(Records excerpted from a collection)

================================

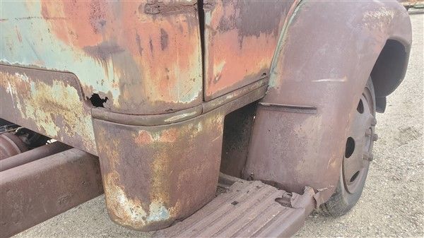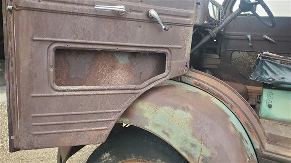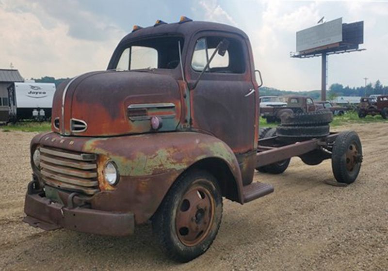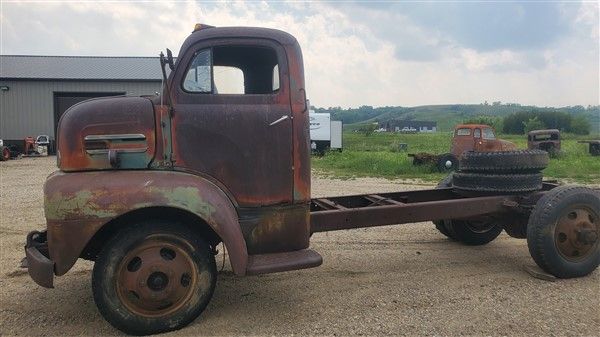This F-6 Cabover has just come in. It has a flathead 6, 4 speed and 2 speed axle. Quite complete. This truck has lots of bumps and bruises from 75 years of use. Has rust above the windshield and needs some work on the back of the cab. Floors and floor structure look read good. Motor cover is there. Has the chrome grill. Shows 58,000 miles. Good North Dakota Title and we will assist with delivery. $3,500
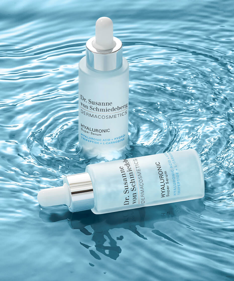 Das Hyaluronic Super Serum mit der Wirkstoffkombination aus konzentrierter Hyaluronsäure, Hydro-Tripeptid und L-Carnosine ist der Super-Booster mit Hydro-Plumping-Effekt. Das Hyaluronic Super Serum enthält 10 verschiedene Arten der Hyaluronsäure, die sich in den oberen Ebenen der Haut anlagern und für einen sofortigen und langanhaltenden Feuchtigkeits- und Aufpolsterungs-Effekt sorgen. Unterstützt wird dieser Effekt durch ein Hydro-Tripeptid, das die hauteigene Hyaluronsäureproduktion anregt. L-Carnosine kann A.G.Es (Advanced Glycation Endproducts), die in der Haut für die Verzuckerung verantwortlich sind, reduzieren und somit den Prozess der Hautalterung verlangsamen. Das sichtbare Ergebnis: der absolute Super-Booster mit Hydro-Plumping-Effekt lässt die Haut frisch und erholt aussehen.
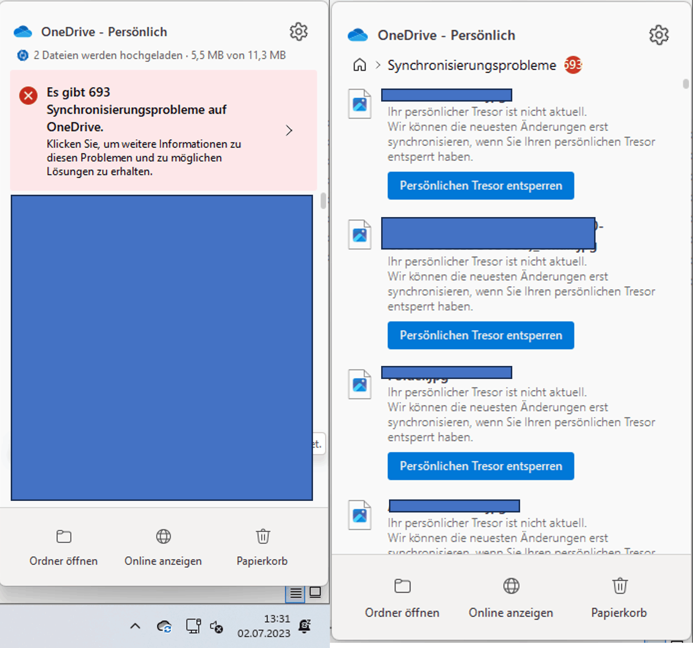 - Klicken Sie auf den Link, um Probleme mit dem persönlichen OneDrive-Tresor zu beheben, der nicht auf dem neuesten Stand ist:
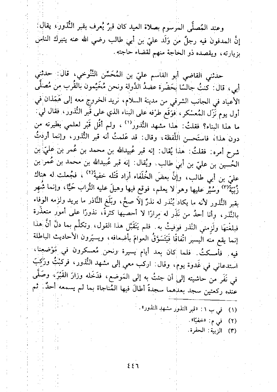 حَدَّثَنِي الْقَاضِي أَبُو القاسم عَلِيّ بْن المحسن التنوخي، قَالَ: حَدَّثَنِي أَبِي، قَالَ: كنت جالسا بحضرة عضد الدولة ونحن مخيمون بالقرب من مصلى الأعياد في الجانب الشرقي من مدينة السلام، نريد الخروج معه إِلَى همذان في أول يوم نزل المعسكر، فوقع طرفه على البناء الذي على قبر النذور، فقال لي: ما هذا البناء؟ فقلت: هذا مشهد النذور، ولم أقل قبر لعلمي بطيرته من دون هذا، فاستحسن اللفظة، وَقَالَ: قد علمت أنه قبر النذور، وإنما أردت شرح أمره.
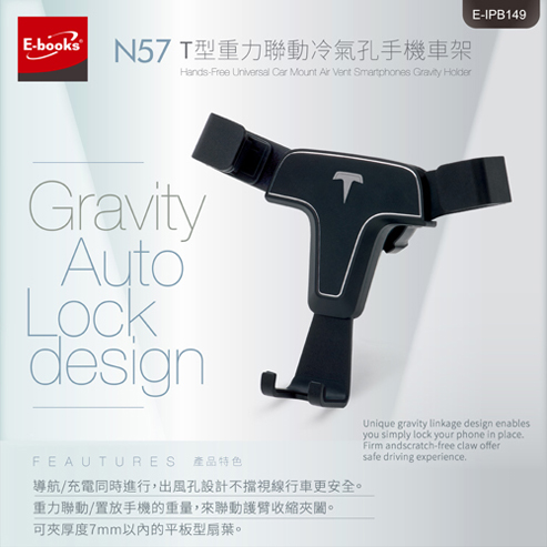 E-books N57 T型重力聯動冷氣孔手機車架 EBIPB149
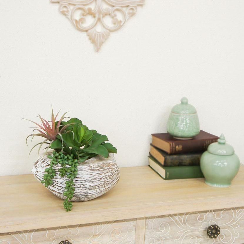 10,900円(内税)人工観葉植物を、バリ島のアジアンテラコッタに装飾したオブジェセットです。
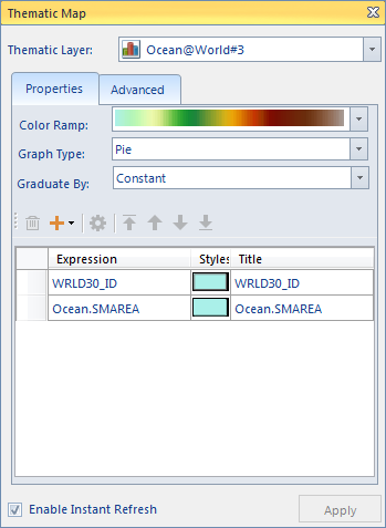 The Parameter Settings - in the Statistical Thematic Map "window will be reflected to the corresponding thematic map layer in the current scene in real time, that is, what you see is what you get. You can also disable Enable Real-time Refresh by unchecking the Enable Instant Refresh "checkbox at the bottom of the dialog box. If the "Enable Instant Refresh" "check box is not checked, the user can click the" Apply "button at the bottom of the dialog box to apply the Parameter Settings in the dialog box to the current thematic map after completing the Parameter Settings.
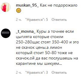 "Куры, а точнее, цыплята, которые стоили 250-280, щас стоят 350-400 и это не скачок цены? А лимон, который стоит 50-80 - тоже не скачок? Ой, да вас послушаешь, на карантине мы шикуем", - написал, в частности, пользователь _t_movna_.
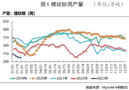 此外,自2022年下半年以來,國內大部分鋼廠利潤低或處于虧損狀態,疊加今年1月份的春節假期,致使建筑鋼材產量處于偏低水平。數據顯示,1月21日—27日,螺紋鋼周產量為227.23萬噸,同比下降33.45萬噸(見圖1);熱軋卷板周產量為305.59萬噸,同比下降16.96萬噸。兩者周產量均為近5年同期的最低水平。低供應也是利多鋼材價格的因素之一。
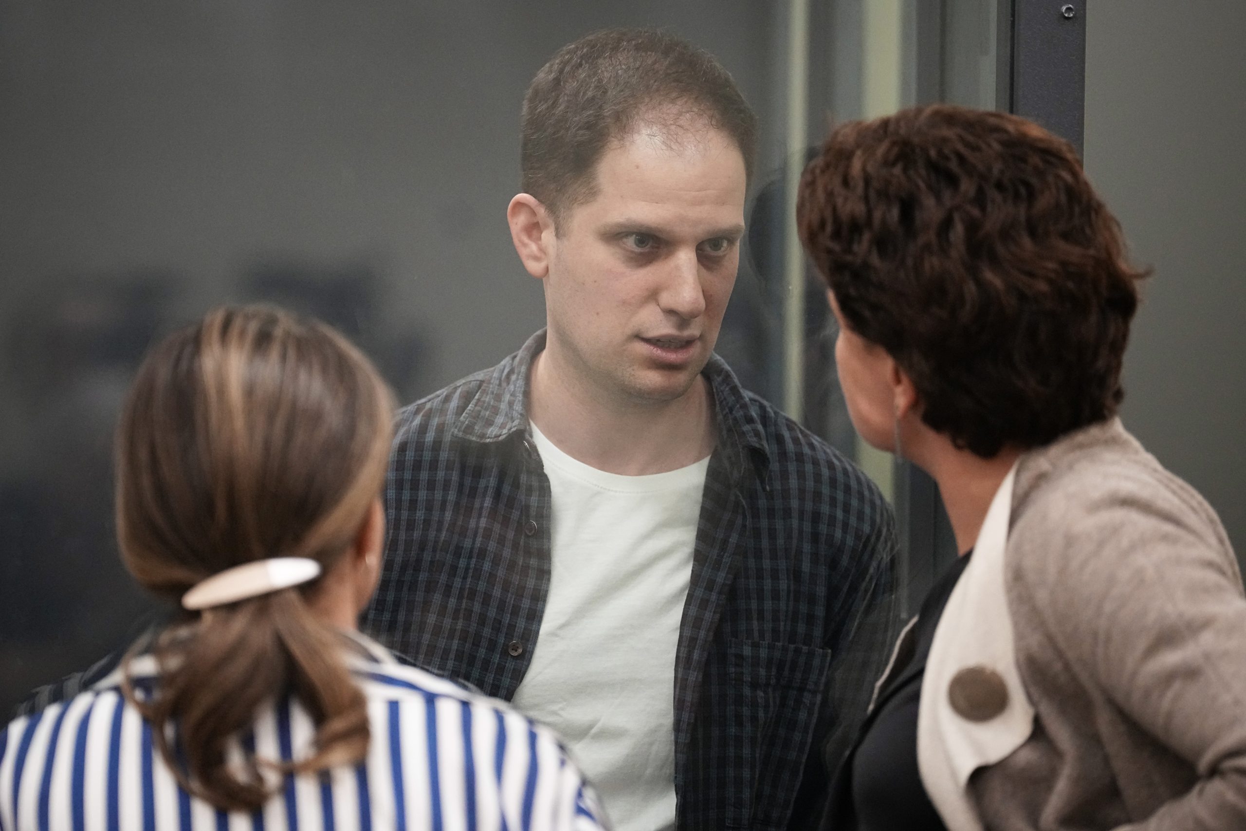 Wall Street Journal reporter Evan Gershkovich speaks with his lawyers standing in a glass cage in a courtroom at the First Appeals Court of General Jurisdiction in Moscow, Russia, Tuesday, April 23, 2024. A court will considers an appeal against the arrest of WSJ reporter Evan Gershkovich who was detained on espionage charges in Yekaterinburg last year. (AP Photo/Alexander Zemlianichenko)
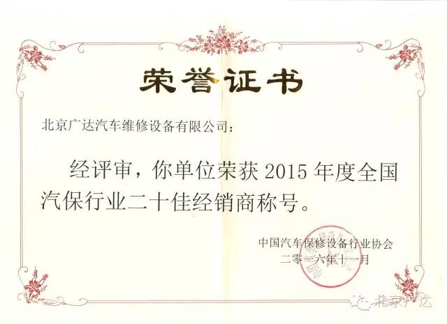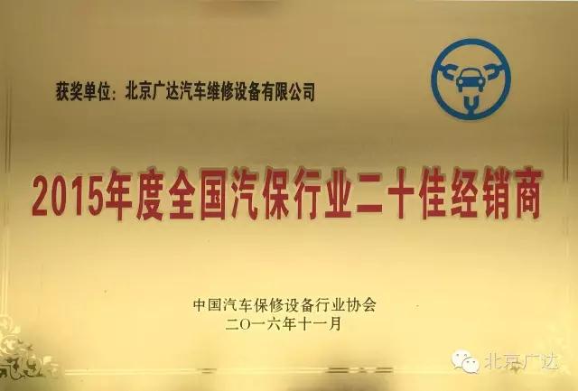 北京廣達(dá)榮獲2015年度全國(guó)汽保行業(yè)20佳經(jīng)銷商稱
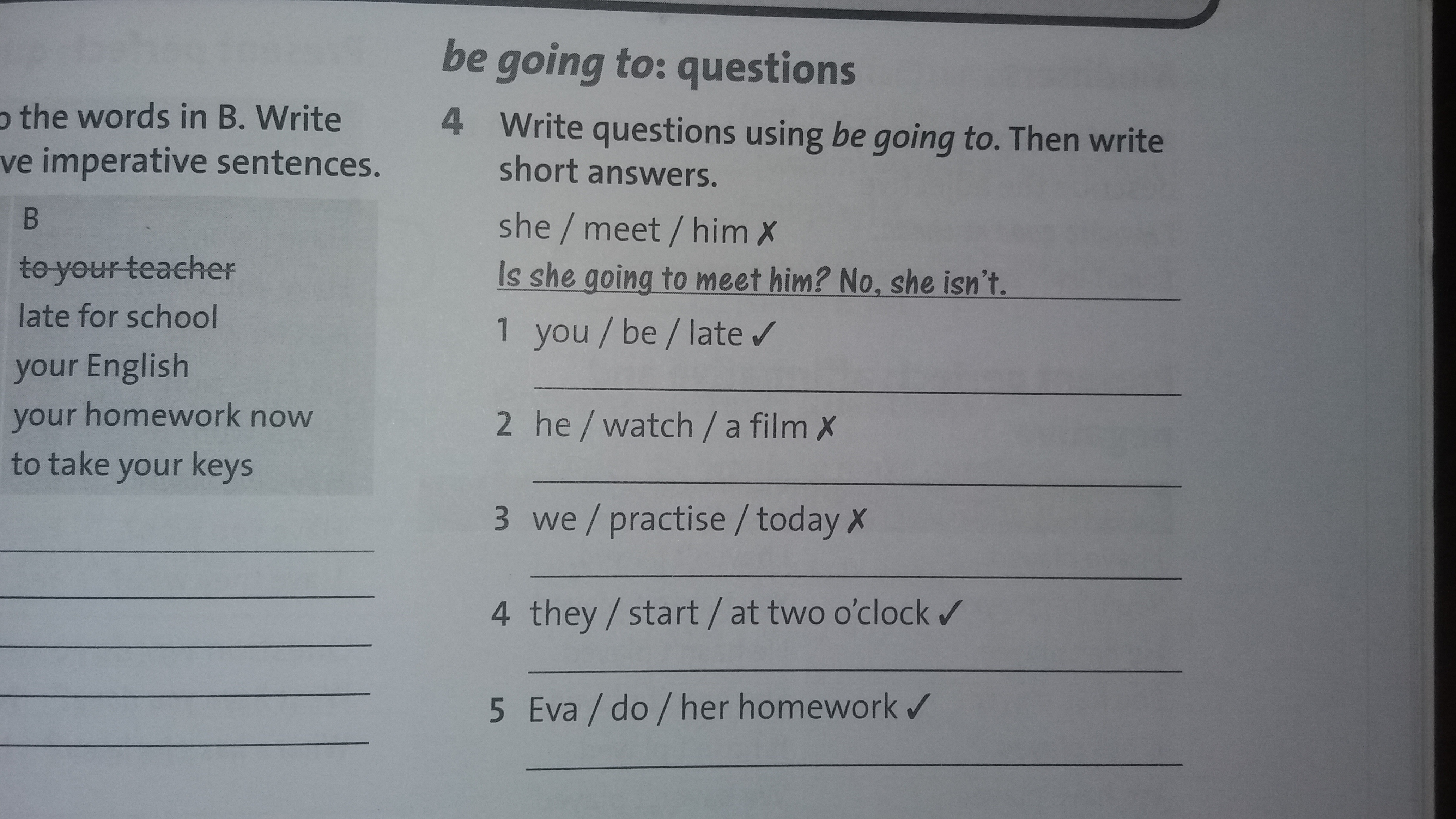 5) Is Eva going to do her homework? Yes, she is
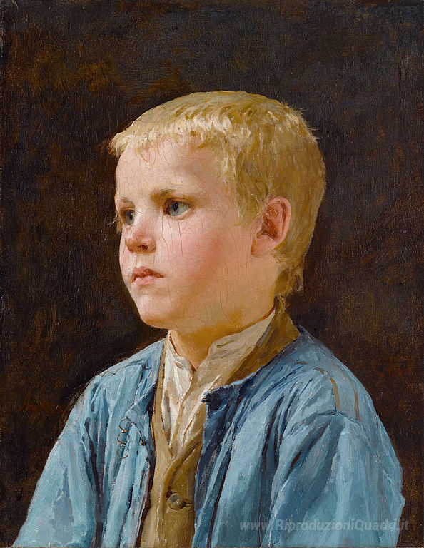 Ti offriamo una riproduzione artigianale su tela dell'opera famosa 'Ritratto di un ragazzo' di Albert Anker, dal Museo delle Riproduzioni.
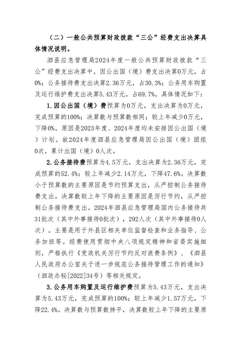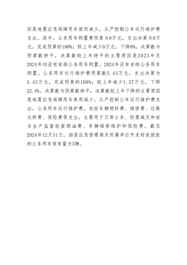 泗县应急管理局2024年度一般公共预算财政拨款“三公”经费支出决算
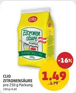 | Clio zitronensäure | PENNY | € 1,79 | € 1,49 | -16% | 25 September 2025 | 01 Oktober 2025 | |
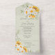 This All-in-One Wedding Invitation features cheerful collections of daisies and sunflowers on a soft sage green background. It's the perfect choice to make your wedding day a work of art. The All-in-One wedding invitations are both beautiful and practical by combining the wedding invitation with an easy to remove perforated RSVP postcard. They are also quick and easy to prepare for mailing. Simply address the invitation, fold the back flap and seal with the included clear stickers. Once your guests receive the pre-addressed invitation they simply tear off the perforated RSVP card and drop it in the mail.
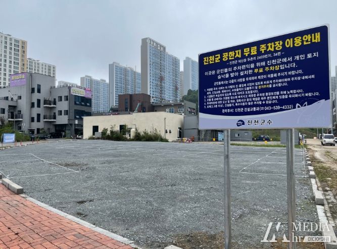 미디어아워 이다정 기자 | 진천군은 충북혁신도시 두레봉 공원 인근 공한지(사유지)의 사용 승낙을 받아 임시 무료 주차장으로 개방한다고 4일 밝혔다.

================================

About this task:
Make an exact copy of the records, pictures excluded.

Output:
This F-6 Cabover has just come in. It has a flathead 6, 4 speed and 2 speed axle. Quite complete. This truck has lots of bumps and bruises from 75 years of use. Has rust above the windshield and needs some work on the back of the cab. Floors and floor structure look read good. Motor cover is there. Has the chrome grill. Shows 58,000 miles. Good North Dakota Title and we will assist with delivery. $3,500
 Das Hyaluronic Super Serum mit der Wirkstoffkombination aus konzentrierter Hyaluronsäure, Hydro-Tripeptid und L-Carnosine ist der Super-Booster mit Hydro-Plumping-Effekt. Das Hyaluronic Super Serum enthält 10 verschiedene Arten der Hyaluronsäure, die sich in den oberen Ebenen der Haut anlagern und für einen sofortigen und langanhaltenden Feuchtigkeits- und Aufpolsterungs-Effekt sorgen. Unterstützt wird dieser Effekt durch ein Hydro-Tripeptid, das die hauteigene Hyaluronsäureproduktion anregt. L-Carnosine kann A.G.Es (Advanced Glycation Endproducts), die in der Haut für die Verzuckerung verantwortlich sind, reduzieren und somit den Prozess der Hautalterung verlangsamen. Das sichtbare Ergebnis: der absolute Super-Booster mit Hydro-Plumping-Effekt lässt die Haut frisch und erholt aussehen.
 - Klicken Sie auf den Link, um Probleme mit dem persönlichen OneDrive-Tresor zu beheben, der nicht auf dem neuesten Stand ist:
 حَدَّثَنِي الْقَاضِي أَبُو القاسم عَلِيّ بْن المحسن التنوخي، قَالَ: حَدَّثَنِي أَبِي، قَالَ: كنت جالسا بحضرة عضد الدولة ونحن مخيمون بالقرب من مصلى الأعياد في الجانب الشرقي من مدينة السلام، نريد الخروج معه إِلَى همذان في أول يوم نزل المعسكر، فوقع طرفه على البناء الذي على قبر النذور، فقال لي: ما هذا البناء؟ فقلت: هذا مشهد النذور، ولم أقل قبر لعلمي بطيرته من دون هذا، فاستحسن اللفظة، وَقَالَ: قد علمت أنه قبر النذور، وإنما أردت شرح أمره.
 E-books N57 T型重力聯動冷氣孔手機車架 EBIPB149
 10,900円(内税)人工観葉植物を、バリ島のアジアンテラコッタに装飾したオブジェセットです。
 The Parameter Settings - in the Statistical Thematic Map "window will be reflected to the corresponding thematic map layer in the current scene in real time, that is, what you see is what you get. You can also disable Enable Real-time Refresh by unchecking the Enable Instant Refresh "checkbox at the bottom of the dialog box. If the "Enable Instant Refresh" "check box is not checked, the user can click the" Apply "button at the bottom of the dialog box to apply the Parameter Settings in the dialog box to the current thematic map after completing the Parameter Settings.
 "Куры, а точнее, цыплята, которые стоили 250-280, щас стоят 350-400 и это не скачок цены? А лимон, который стоит 50-80 - тоже не скачок? Ой, да вас послушаешь, на карантине мы шикуем", - написал, в частности, пользователь _t_movna_.
 此外,自2022年下半年以來,國內大部分鋼廠利潤低或處于虧損狀態,疊加今年1月份的春節假期,致使建筑鋼材產量處于偏低水平。數據顯示,1月21日—27日,螺紋鋼周產量為227.23萬噸,同比下降33.45萬噸(見圖1);熱軋卷板周產量為305.59萬噸,同比下降16.96萬噸。兩者周產量均為近5年同期的最低水平。低供應也是利多鋼材價格的因素之一。
 Wall Street Journal reporter Evan Gershkovich speaks with his lawyers standing in a glass cage in a courtroom at the First Appeals Court of General Jurisdiction in Moscow, Russia, Tuesday, April 23, 2024. A court will considers an appeal against the arrest of WSJ reporter Evan Gershkovich who was detained on espionage charges in Yekaterinburg last year. (AP Photo/Alexander Zemlianichenko)
 北京廣達(dá)榮獲2015年度全國(guó)汽保行業(yè)20佳經(jīng)銷商稱
 5) Is Eva going to do her homework? Yes, she is
 Ti offriamo una riproduzione artigianale su tela dell'opera famosa 'Ritratto di un ragazzo' di Albert Anker, dal Museo delle Riproduzioni.
 泗县应急管理局2024年度一般公共预算财政拨款“三公”经费支出决算
 | Clio zitronensäure | PENNY | € 1,79 | € 1,49 | -16% | 25 September 2025 | 01 Oktober 2025 | |
 This All-in-One Wedding Invitation features cheerful collections of daisies and sunflowers on a soft sage green background. It's the perfect choice to make your wedding day a work of art. The All-in-One wedding invitations are both beautiful and practical by combining the wedding invitation with an easy to remove perforated RSVP postcard. They are also quick and easy to prepare for mailing. Simply address the invitation, fold the back flap and seal with the included clear stickers. Once your guests receive the pre-addressed invitation they simply tear off the perforated RSVP card and drop it in the mail.
 미디어아워 이다정 기자 | 진천군은 충북혁신도시 두레봉 공원 인근 공한지(사유지)의 사용 승낙을 받아 임시 무료 주차장으로 개방한다고 4일 밝혔다.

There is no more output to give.